What is extended hours trading?

Extended trading occurs when the market closes and an investor buys or sells a security outside of normal trading hours.

Extended hours trading is conducted via electronic communications networks and includes both before and after hours trading. However, the volume of these transactions is limited because there are fewer participants.

Investors typically seek to trade after hours when important information, such as a earnings release, prompts them to buy or sell, but occurs after the exchange has closed or before it opens.

After hours trading can be a strong indicator of the direction in which the market is going to open, and it should be noted that most extended hours trades take place near normal trading hours, as the relevant news is. generally published just before the market opens or shortly thereafter. To close.

The three trading sessions

  • Pre-marketing: Operates from 4:00 a.m. at the open market to 9:30 a.m. EST.
  • Normal market hours: Runs from 9:30 a.m. to 4 p.m.
  • After hours: Starts at 4:00 p.m. and can run until 8:00 p.m. EST, but trading volume tends to slow down considerably around 6:00 p.m.

Risks associated with extended trading

While extensive trading allows investors to act quickly and beat the rest of the market, there are some risks to be aware of.

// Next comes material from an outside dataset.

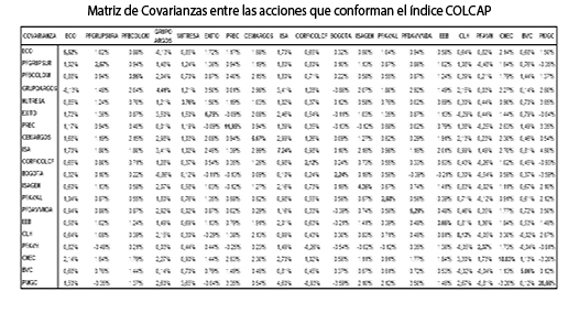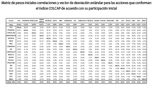 De acuerdo con los pesos iniciales de los activos que conforman el portafolio del índice, se obtienen la matriz de correlaciones iniciales, el vector de desviaciones estándar iniciales y la matriz de covarianzas iniciales, las cuales se presentan en el Anexo A.

  • Less liquidity: Extended trading hours have lower trading volume than traditional hours, and some stocks cannot be traded outside of traditional hours at all. This makes it more difficult to execute trades and leads to a decrease in liquidity.
  • Higher volatility: Due to declining trading volume, trading for extended hours is often accompanied by larger spreads or differences between the bid and ask price of a stock. This can make it more difficult for investors to trade at the desired price and can facilitate drastic price movements.
  • Price uncertainty: In the same vein as above, high volatility makes it harder to predict a stock’s price outside of traditional trading hours, and a stock’s price for extended hours does not always closely match its price. during normal trading hours.

Where there is risk, there is room for reward. The main advantage of trading outside of normal hours is that it allows investors to react to news, such as low profits, immediately after their announcement rather than having to wait for a stock exchange to open, when the price dies. ‘a stock may already have fallen considerably.

Financial takeaways

The major US exchanges, the NYSE and the Nasdaq, are open 9:30 a.m. to 4 p.m. on weekdays, but individuals can also trade outside of these hours. Extended trading hours allow investors to act quickly after news that could affect a stock’s price.

Trading beyond normal hours can be risky, as stocks are less liquid and more volatile, but can also be worth it.